Chapter 9: Observability, Observational Integrity & Tracing

In production, you must have complete visibility into LLM choices, safety policy evaluations, and tool actions. SolidState implements this through observational integrity.

Every internal transition, model response, policy decision, context trim, and tool output is recorded as a structured JSON event. The CloudWatchTracer streams events directly to standard output, enabling collectors to query metrics like latency, error rates, and blocks.

17_cloudwatch_tracing.py
import asyncio
from solidstate import AgentRuntime
from solidstate.tracing.cloudwatch_tracer import CloudWatchTracer
from solidstate.types import RuntimeState

async def main():
    tracer = CloudWatchTracer(service_name="payment-agent")
    agent = AgentRuntime(FakeModelAdapter(), ToolRegistry(), PolicyEvaluator(), FileCheckpointer(), tracer)

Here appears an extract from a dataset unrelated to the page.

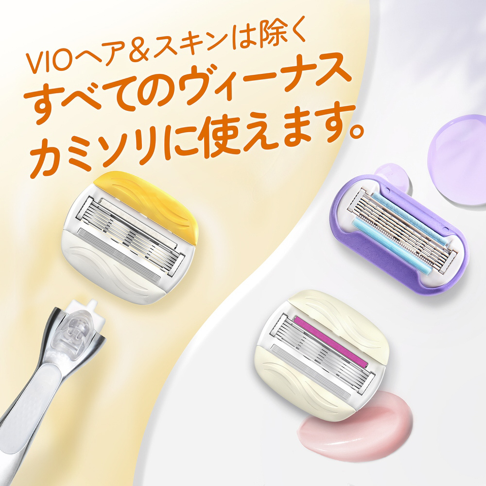 ●ヴィーナスの替刃は、ヴィーナスVIOを除くヴィーナスのハンドルに使用できます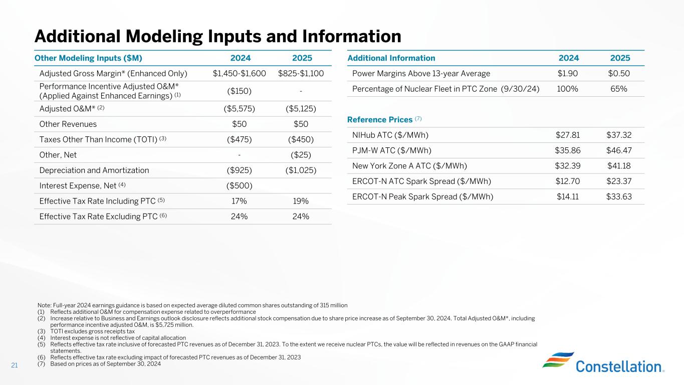 Detailed Modeling Inputs for Base Earnings (continued) 20 (1) Hydro revenue price and representative spark spread reflect consistent historical average we have achieved across hydro, natural gas, and oil assets, respectively (2) Volumes are rounded and reflect Constellation’s ownership share of partially owned units (3) ISO-NE: ISO New England; NEMA: Northeastern Massachusetts and Boston; SEMA: Southeastern Massachusetts (4) Represents offered capacity at ownership Expected Generation (million MWhs) Non-Nuclear (Energy) 2024 2025 Wind/Solar 5 5 Historical renewable contracts $60 - $70 Hydro 2 2 Hydro revenue price ($/MWh) $45 Natural Gas, Oil, Other 20 18 Representative spark spread ($/MWh) $20 2023/2024 2024/2025 2025/2026 Non-Nuclear (Capacity) Cleared Volumes (MW) (2) Price ($/MW-day) Cleared Volumes (MW) (2) Price ($/MW-day) Cleared Volumes (MW) (2) Price ($/MW-day) EMAAC - - 1,950 $55 1,525 $270 MAAC 2,175 $49 200 $49 100 $270 BGE 425 $70 425 $73 325 $466 Total PJM Portfolio 2,600 2,575 1,950 2023/2024 2024/2025 2025/2026 Capacity (4) Price ($/MW-day) Capacity (4) Price ($/MW-day) Capacity (4) Price ($/MW-day) NEMA 1,525 $66 115 $131 125 $87 SEMA 235 $597 235 $632 235 $87 Total ISO-NE (3) 1,760 350 360 Note: Capacity revenues for nuclear units are included in the gross receipts calculation for the PTC and therefore not provided Modeling Prices ($/MWh) (1)

    state = RuntimeState.new("Transfer $50")
    await agent.run(state)

if __name__ == "__main__":
    asyncio.run(main())

Chapter 10: Production Performance, Caching & Cloud Serverless

Deploying agents at scale requires managing model latency, reducing consumption costs, protecting host environments, and choosing infrastructure. SolidState decouples model providers via the ModelAdapter strategy pattern, allowing local Ollama configurations or cloud Bedrock setups.

To isolate execution security risks, we recommend executing code generation tools inside containers or WebAssembly (Wasm) sandboxes.

10_performance_bench.py
import asyncio
import time
from solidstate import AgentRuntime
from solidstate.models.cache import ResponseCache
from solidstate.types import RuntimeState

async def main():
    cache = ResponseCache()
    agent = AgentRuntime(FakeModelAdapter(), ToolRegistry(), PolicyEvaluator(), FileCheckpointer(), JsonlTracer(), cache=cache, max_history=4)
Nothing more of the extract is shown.